PHOENIX — A young man from the Salt River Pima-Maricopa Indian Community pulled the trigger on a life-altering decision in 2017 — and this week, he began paying for it behind bars. Juan Carlos Burns, 20, was sentenced to 34 years in federal prison after a jury convicted him of second-degree murder and discharging a firearm during a crime of violence that resulted in death.

The killing occurred on Sept. 25, 2017, at the Auk Mor 2 gas station on tribal land, where tempers flared over a single, fateful insult. Federal prosecutors say Burns, a tribal member, responded to a derogatory comment from the victim by firing one round from a 9 mm handgun into the back of the man’s head. The victim collapsed and died within minutes.
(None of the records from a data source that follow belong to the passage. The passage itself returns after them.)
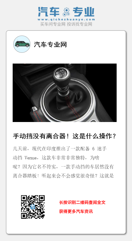 几天前,现代在印度推出了一款配备 6 速手动挡 Venue,这款车非常非常独特,为啥呢?因为它名不符实,一款手动挡的车居然没有离合器踏板!听起来会不会感觉很奇怪?这就是它的独特之处。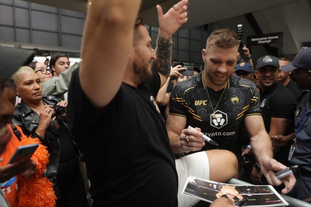 After defeating former UFC Middleweight Champion, Sean Strickland, at UFC 297, Stillknocks arrived at OR Tambo to a warm reception from South Africans who couldn’t wait to see him with the belt.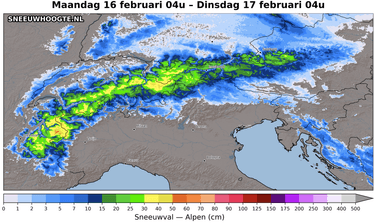 Vanavond en vannacht activeert de neerslag snel in het westen van de Alpen. Vervolgens breidt de neerslag via de noordkant uit naar het oosten, om via Zwitserland tot aan het Salzburgerland te reiken. Door de aanspannende westenwind en de wat zachtere lucht verwacht ik ook wat overgrijpende neerslag naar de zuidkant. Met andere woorden, Italiaanse gebieden dicht tegen de hoofdkam kunnen ook sneeuwbuien krijgen. De sneeuwgrens ligt eerst rond 600 m, maar stijgt in de Franse Alpen al snel tot 1200-1600 m. Tegen de ochtend verwacht ik dat de sneeuwgrens weer wat meer zakt. In de Oostelijke Alpen ligt de sneeuwgrens eerst onderin, en stijgt deze tot 800 m. Gebieden aan de zuidkant behouden de lage sneeuwgrens. Tot en met morgenochtend valt er in het westen 20-40 cm, langs de centrale noordkant 10-25 cm, en langs de oostelijke noordkant 5-10 cm. De zuidkant krijgt hoogstens centimeterwerk.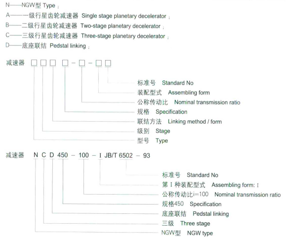其标记符号:Symbol include:type,stage no,linking,form,nominal transmission ratio,assembling form,standard no。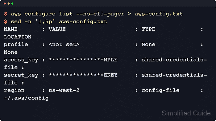 $ aws configure list --no-cli-pager > ~/aws-output/aws-config.txt $ sed -n '1,5p' ~/aws-output/aws-config.txt NAME : VALUE : TYPE : LOCATION profile : <not set> : None : None access_key : ****************MPLE : shared-credentials-file : secret_key : ****************EKEY : shared-credentials-file : region : us-west-2 : config-file : ~/.aws/config
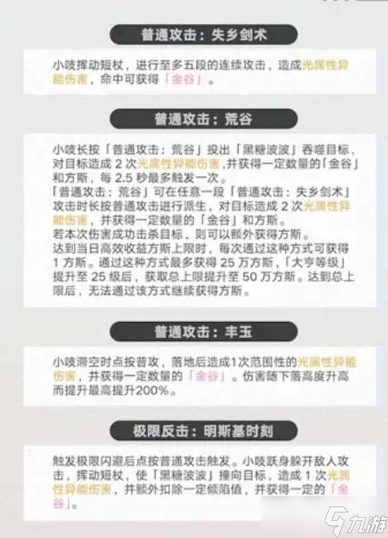 小吱滞空时点按普攻,落地后造成一次大范围性的光属性异能伤害,并获得一定数量的金谷,伤害随下落高度升高而提升,最高提升200%。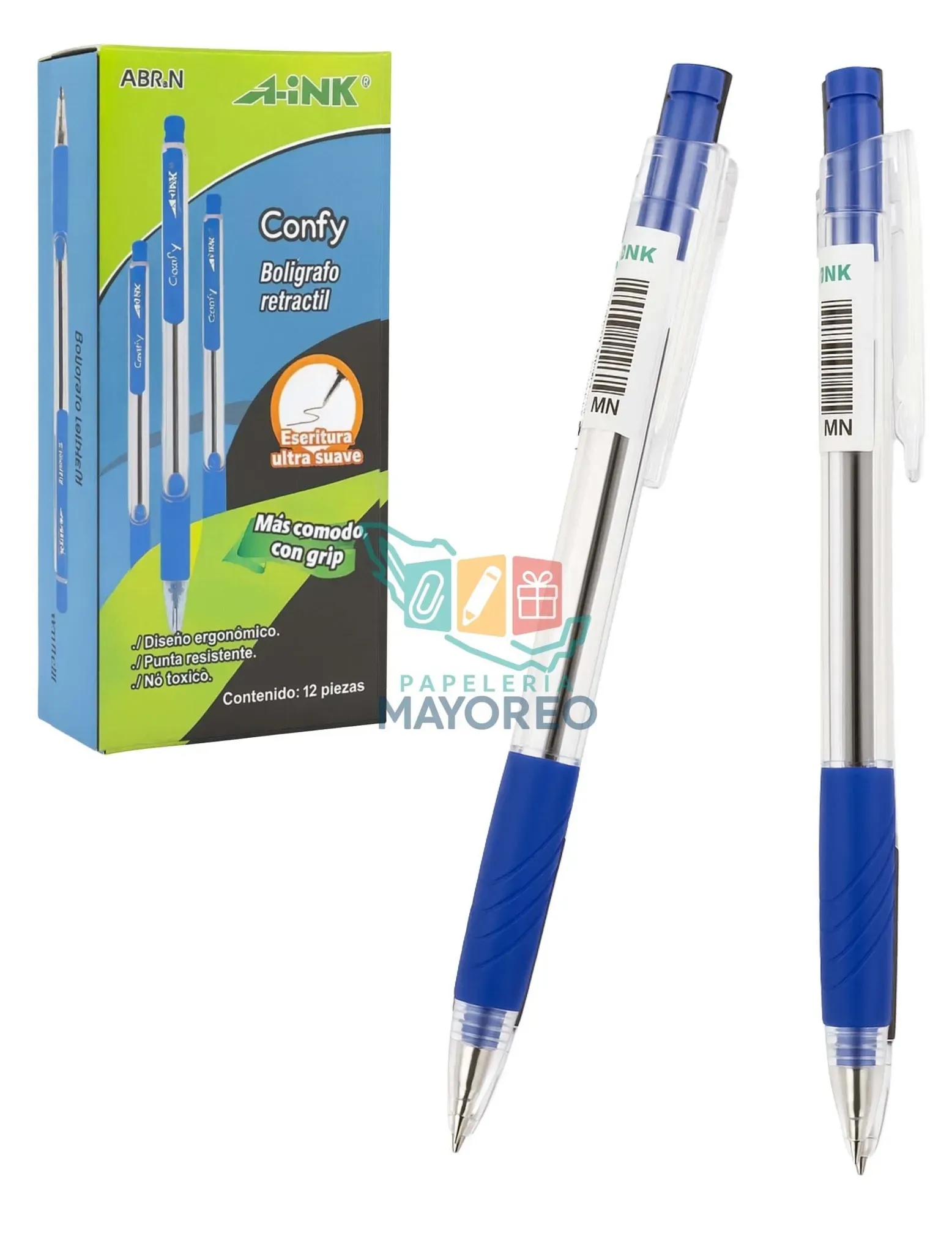 El bolígrafo retráctil A-INK , ofreciendo una escritura ultra suavegracias a su punta resistente y diseño ergonómico con grip antideslizante.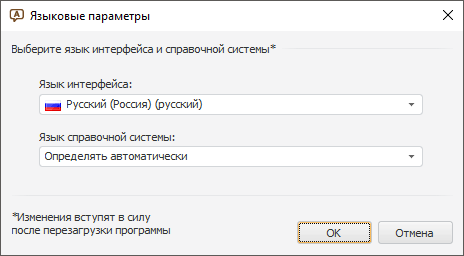 Выбор языка интерфейса и справочной системы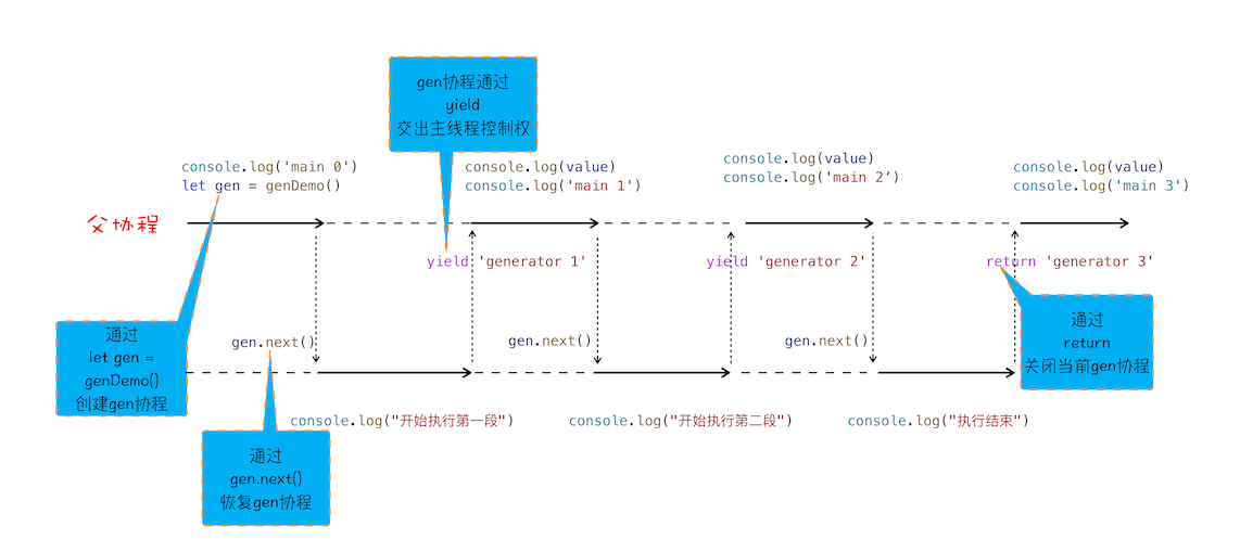 let gen = foo(),创建了gen协程。然后在父协程中通过执行gen.next把主线程的控制权交给gen协程。

Surveillance footage and ballistics evidence painted a damning picture of cold execution, not self-defense.

U.S. District Judge David G. Campbell handed down the sentence this week, underscoring the finality of a crime born from rage and armed with lethal precision. The courtroom sat in silence as Burns — once a free young man on the cusp of adulthood — was led away in cuffs, his freedom erased by one gunshot fired in anger.

Investigators from the Salt River Police Department and Mesa Police Department Crime Lab worked swiftly to build the case, with crucial support from the Safe Trails Task Force. Shell casings, witness statements, and forensic analysis placed Burns at the scene with the murder weapon. There was no dispute: he pulled the trigger. The only question was motive — which prosecutors tied directly to wounded pride.

Thomas Simon and Robert Brooks, Assistant U.S. Attorneys for the District of Arizona, led the prosecution with a relentless focus on accountability. They argued that Burns’s response was disproportionate, premeditated in the moment, and carried out with deadly intent. The jury agreed, rejecting any claim of justification.

Case Number: CR-17-00445-PHX-DGC. Release Number: 2018-023_Burns. Burns now begins his 34-year stretch in federal prison — a sentence that won’t bring back the victim, but sends a clear message: on tribal land or off, murder is murder, and in Phoenix, the law doesn’t forgive execution-style killings over words.